Essay Sample on The Holocaust In Elie Wiesel's Night

📌Category: Books, History, Holocaust, Night
📌Words: 529
📌Pages: 2
📌Published: 14 March 2022

Elie Wiesel’s famously renowned novel, “Night,” is a story about the dreadful life of living in one of the death camps in World War 2. At the time, when Elie was sent to his first death camp, he was at the age of 15. The death camp he went to was named Auschwitz, which was in occupied southern Poland. The death rate in Auschwitz was around 1.1 million out of 1.3 million, which is 85% of how many people were there. It has also been estimated that around 6,000 Jews died every single day. He claims the smell of the bodies burning was something he could never forget in the time he spent there. Another thing he noted was everything inside of the novel were the things he could never forget.  
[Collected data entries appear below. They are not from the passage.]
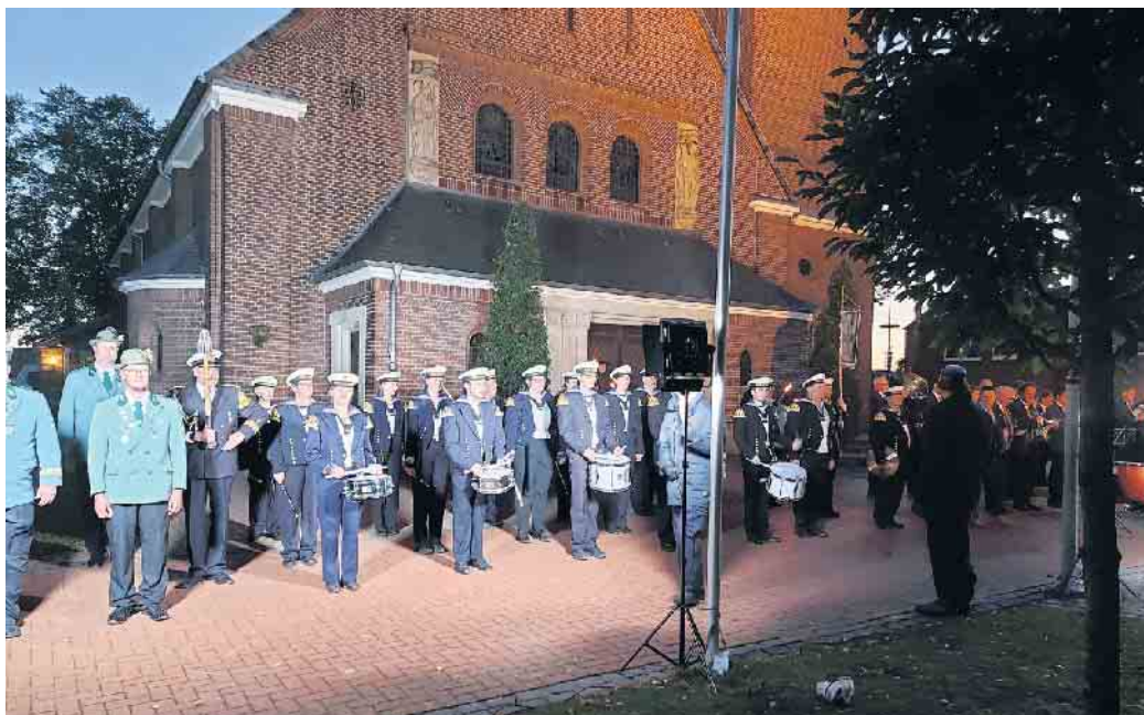
Der Spielmannszug beim „großen Zapfenstreich“ in Twisteden 2022

Feuerwehr schon bei den Übungsabenden. Denn unserer Meinung nach ist der Zapfenstreich eine ganz besondere Zeremonie und verlangt einen entsprechenden Rahmen. Sowohl der Aufmarsch als auch die Serenade, meist drei Musikstücke gemeinsam gespielt von Spielmannszug und Blasorchester, sowie der Ablauf des Zapfenstreiches mit Kommandos, ist ein nicht alltägliches Erlebnis, auch für uns nicht. Der große Zapfenstreich hat zwar einen militärischen Ursprung und Ablauf, jedoch dient er im zivilen Bereich dazu, einem großen Fest oder Jubiläum einen würdigen Rahmen zu verleihen. Genau das ist dabei unser Ziel. Wir würden uns natürlich auch über Zuschauer aus unserem Dorf sehr freuen. Vielleicht findet ja auch der eine oder andere Gefallen an diesem schönen Hobby und möchte sich uns anschließen. Es ist gar nicht so schwer ein Instrument zu erlernen. Wir proben immer Freitags von 19.30 bis 21 Uhr im Pfarrheim Schaephuysen. Wir freuen uns auf Euch, kommt doch einfach einmal vorbei!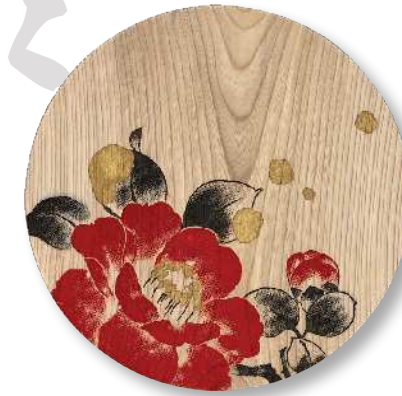
雪に椿 (大) PT-YNT-0016 φ 27.5 × 2.0cm 栃 (国産) ¥23,100 (税抜 ¥21,000)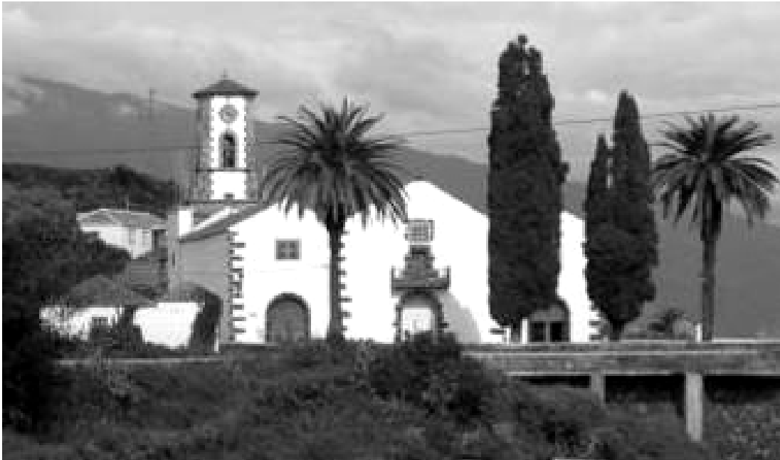
Su primer destino fue el de coadjutor de la parroquia de San Blas en Mazo.

Tras celebrar su primera misa en la parroquia natal de Tijarafe, el joven sacerdote fue destinado como coadjutor a la parroquia de San Blas en la Villa de Mazo, donde desempeñaba dicho cargo en 1878.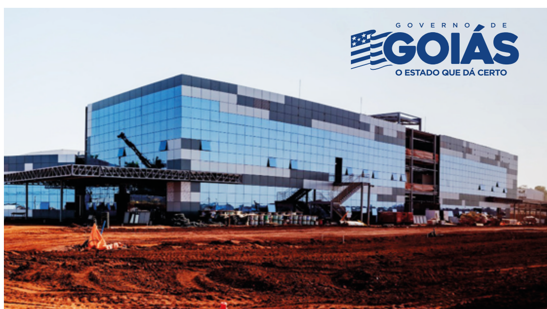
Hospital vai transformar atendimento oncológico; ala pediátrica será entregue em 2025

Um exemplo é o impacto que o CORA representará na

Auschwitz was described as brutal, dangerous, and pure hell to stay in. People who were interviewed, even after 80 years, still could not forget what it felt like to be in the camp. Elie felt the same way. In the terrible Auschwitz concentration camp, Eli faced many horrors. He had to witness his dad dying, witness people thrown into human-sized furnaces, go on death marches, and he was tortured by the Nazis nearly every day for simple mistakes. He began to no longer believe in his religion. He said that he felt as if he lost all his faith. In the novel, Elie Wiesel said; “The Kapos were beating us again, but I no longer felt the pain.” This event describes how he completely lost hope and no longer felt anything. 

People who were in Auschwitz, or any death camps, felt like Elie did. They all felt as if they were animals, which was even said in interviews. Elie noted that he looked in the mirror after 11 months in Auschwitz. He described himself as a corpse. He had been starved, abused, and scarred. He was completely stripped of his normal life, now just feeling as if he had no place in the world. Elie really did feel like a lifeless corpse.  
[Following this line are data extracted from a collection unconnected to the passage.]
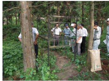
一箱わな設置研修状況

近年野生鳥獣による農作物等の被害が全国的に拡大しており、富山県内の平成21年度農作物被害額は1億4600万円となっています。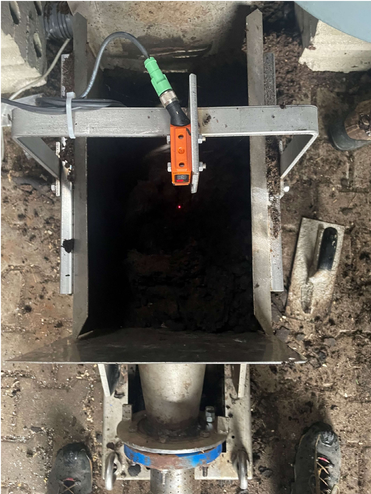
Lichtsensoren zur Steuerung der Zufuhr, überschüssiges Substrat wird aus dem Pressvorgang zurückgedrückt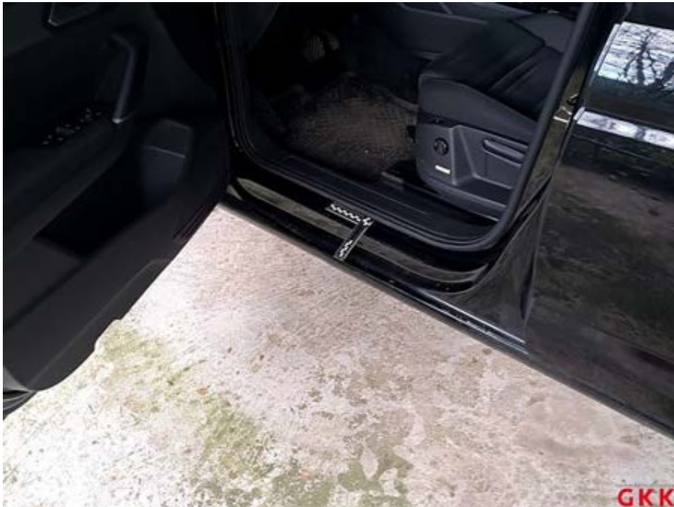
Bild 25 Tür vorne links, Einstieg, verkratzt, Smartrepair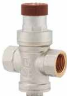
001 165 100 Riduttore di Pressione Minipress Itap Acqua Sotto Boiler 15bar D.1/2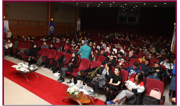
2. Uluslararası Moda Ekspresi Ebru Workshop'a katılım sağlayan TÖMER öğrencileri

2. Uluslararası Moda Ekspresi Ebru Workshop'ta Tömer öğrencilerinin Ebru çalışması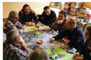
Opération centre-bourg à la Monnerie-le-Montel

L'Atelier est un collectif aux compétences complémentaires dans les domaines de l'aménagement, de l'architecture, de l'urbanisme, du paysage et de l'énergie. Il vous conseille et vous accompagne sur les aspects réglementaires et techniques pour :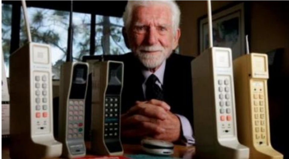
Gambar 9: Martin Cooper, penemu telepon seluler

untuk dipegang oleh tangan. ukuran yang besar ini dikarenakan keperluan tenaga dan performa baterai yang kurang baik. Selain itu generasi 1-G masih memiliki masalah dengan mobilitas pengguna. Pada saat melakukan panggilan, mobilitas pengguna terbatas pada jangkauan area telepon seluler. (Tim Penyusun, 2018: 183)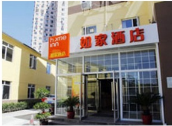
如家快捷北京水立方体育馆店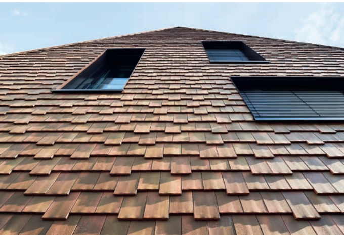
Tondachziegel so weit das Auge reicht.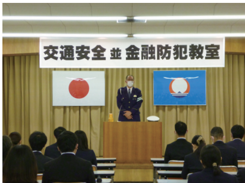
交通安全並びに金融防犯教室（2021年11月15日） （稚内警察署の協力により1976年より実施）

また、毎年度コンプライアンスを実現するためのコンプライアンス・プログラムを策定し、「コンプライアンス教育研修」等を実施しています。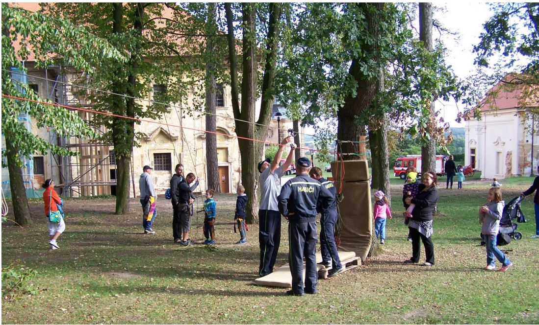
Lanové překážky v parku s asistencí SDH Chotěšov

praku a dětského koutku, pro větší děti závodní simulátory, lanové překážky. V gotických sklepeních se odehrávala živá expozice strašidelného sklepa, k dispozici byl i skákací hrad a možnost se svést na koních. Ve vnitřních prostorách konventu byly promítnuty filmy pro děti a v podvečerních hodinách i pro dospělé.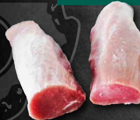
Filet Mittelstück „Solomillo“ 263075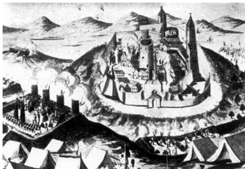
Opsada Cetina 1790.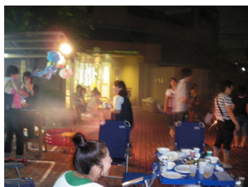
ゆうあい夏祭り風景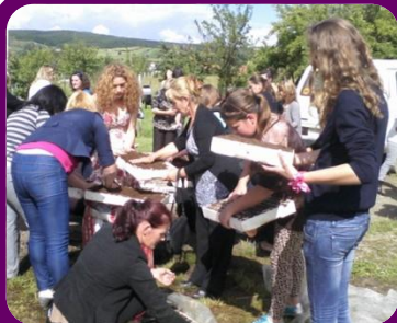
Žene uče tehnike za setvu sadnica.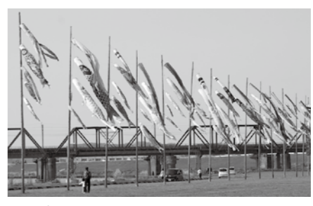
鯉のぼりまつりは、中間市の名物となりたくさんの方が毎年訪れます。

鯉のぼり約150匹が、市役所前遠賀川河川敷で優雅に泳ぎます。新型コロナウイルス感染症対策を行いながら、家族でぜひ遊びに来てください。 ●掲揚期間 5月14日(日)まで(予定)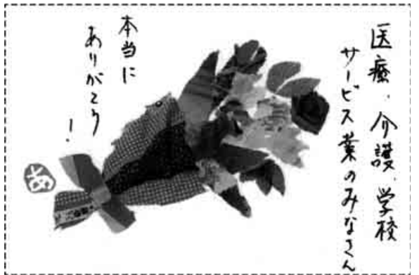
兵庫・神戸市 宇城 明子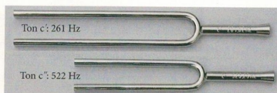
9 Stimmgabeln unterschiedlicher Frequenz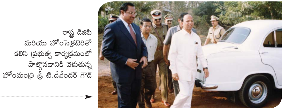
రాష్ట్ర డిజిపి మరియు హోంసెక్రటెరితో కలిసి ప్రభుత్వ కార్యక్రమంలో పాల్గొనడానికి వెళుతున్న హోంమంత్రి శ్రీ టి.దేవేందర్ గాడ్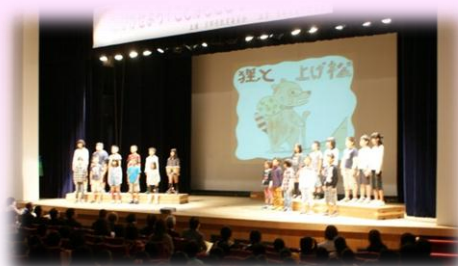
大舞台での発表、 見事でした!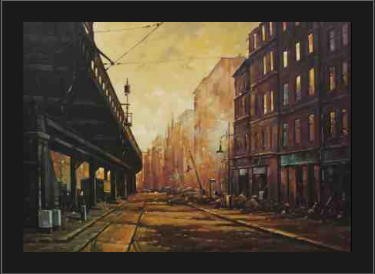
Ralf Scherfose Feuersturm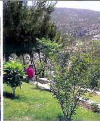
Tot rust komen in het groen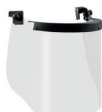
WV100014 ARC VISOR CLASS 1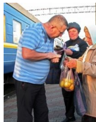
Сынок, грушки надо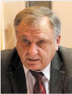
Уладзімір Рыгоравіч ШЧАСНЫ, Надзвычайны і Паўнамоцны Пасол у адстаўцы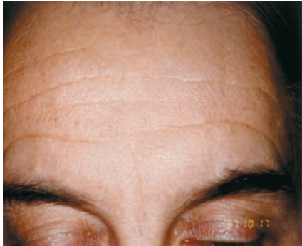
1997 : rides du front au repos avant RX Botox.

On nous pose souvent les questions : qu'advient-il si je cesse les injections de Botox après plusieurs années de traitements? Est-ce que le visage va me tomber plus vite que si je n'avais rien fait ? Vais-je avoir besoin d'un lift chirurgical? Vais-je vieillir plus vite que normalement? Ici, la réponse à toutes ces questions est tout simplement NON. Suivez l'évolution des rides du front du patient illustrées dans l'encadré pour bien le comprendre.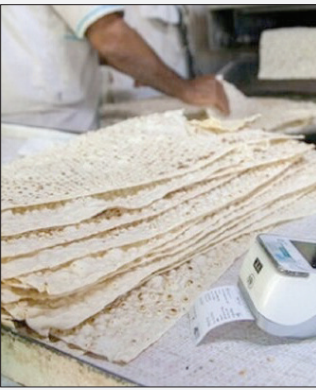
اسماعیل شجاعی سخنگوی شورای رقابت

اسماعیل شجاعی سخنگوی شورای رقابت در این ارتباط اعلام کرد که «در حال حاضر زمینه برای واردات خودرو از سوی فعالان و تجار به شکل گسترده فراهم نیست و دستورالعمل به شکلی بود که فقط خودروسازان اجازه واردات داشتند که این موضوع فضا را محدودش کرد. قیمت‌های سرسام‌آور خودروهای خارجی در ایران ناشی از اختلال در بازار واردات است.»

Another way people suffered in the death camps, apart from being gassed or burned, were experiments. The Nazis tested on the Jews very cruelly with various things. Most experiments were meant to develop treatments for various things. It may sound like a harmless thing to do, but how they tested them had malicious intent. They tested if the Jews could survive mustard gas, phosgene, and other things. Nearly every single test subject died. There are multiple documentaries on this topic, an example being the twin experiments. 
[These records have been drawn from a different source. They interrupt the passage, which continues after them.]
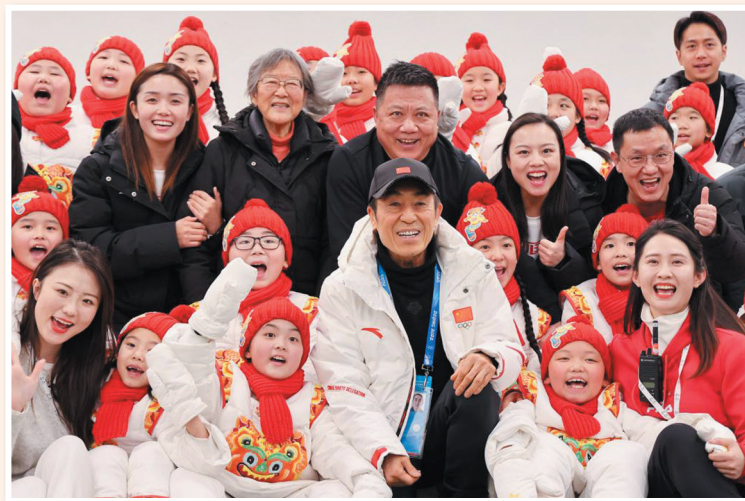
在国家体育场(鸟巢)后台,邓小岚(黑衣左二)、马兰花儿童合唱团与总导演张艺谋(前中)合影。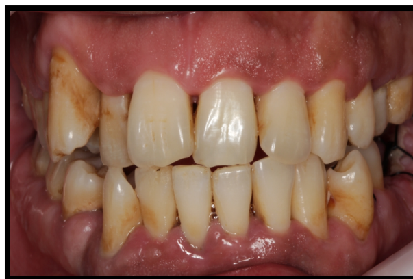
Figura 1. Foto frontal do Sorriso

Paciente do gênero masculino, com 31 anos de idade, leucoderma, procurou atendimento na clínica odontológica na Faculdade INGÁ, em julho de 2014, com queixa de possuir um dente de forma estranha atrapalhando o alinhamento dos dentes e a estética (Figura 1).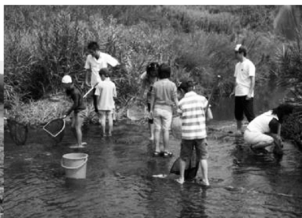
（平成20年度実施箇所 丹生川、田ノ浦海岸）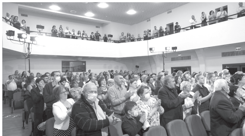
Megtelt a nézőtér a nyitányon: a szigligetisek a Valahol Európában című musicalt adták elő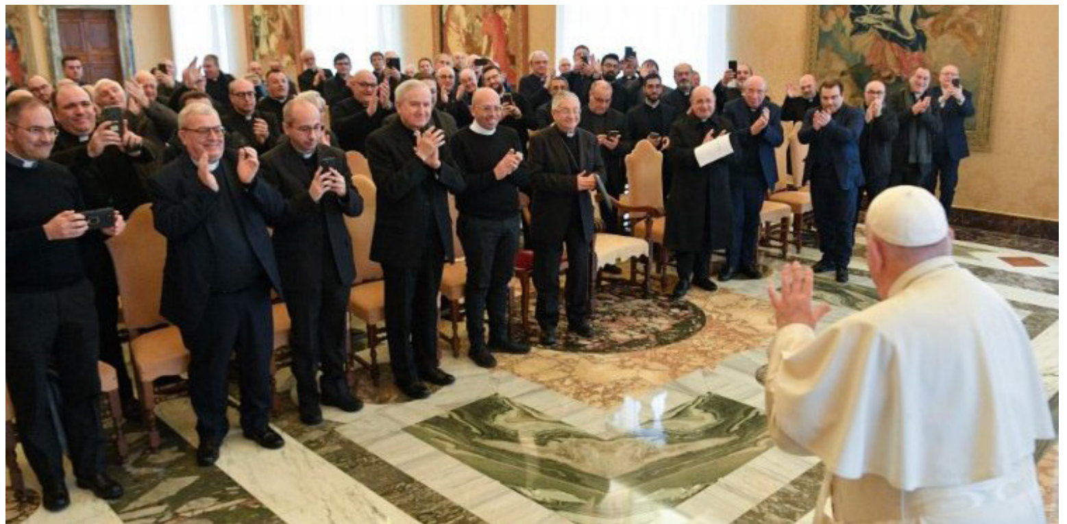
Audiencia del Papa a los Miembros del Instituto Secular Sacerdotes Misioneros de la Realeza de Cristo.

El carisma franciscano, encarnado en el trabajo de los miembros del Instituto, es el de la minoridad: "Así los forma para el servicio humilde, disponible, fraterno -observó el Papa-, y lo hace según el modelo de la realeza de

The things that Elie Wiesel and others faced were traumatizing. The holocaust is one of the most recognized events in history, and for an exceptionally great reason. Even though the holocaust was a petite part of World War 2, we still never forget it. World War 2 killed at least 85,000,000 people (about twice the population of California), and 6,000,000 died in just the holocaust. That is around 7% of the entirety of all who had died. 1.5 million of the 6 million were also children. The very disappointing thing was that only 10% of the Germans who worked at the camps were put on trial, and practically none of them were sentenced jail time. All of the camps were truly horrible, and it is sad to know that we treated regular humans as if they were dogs.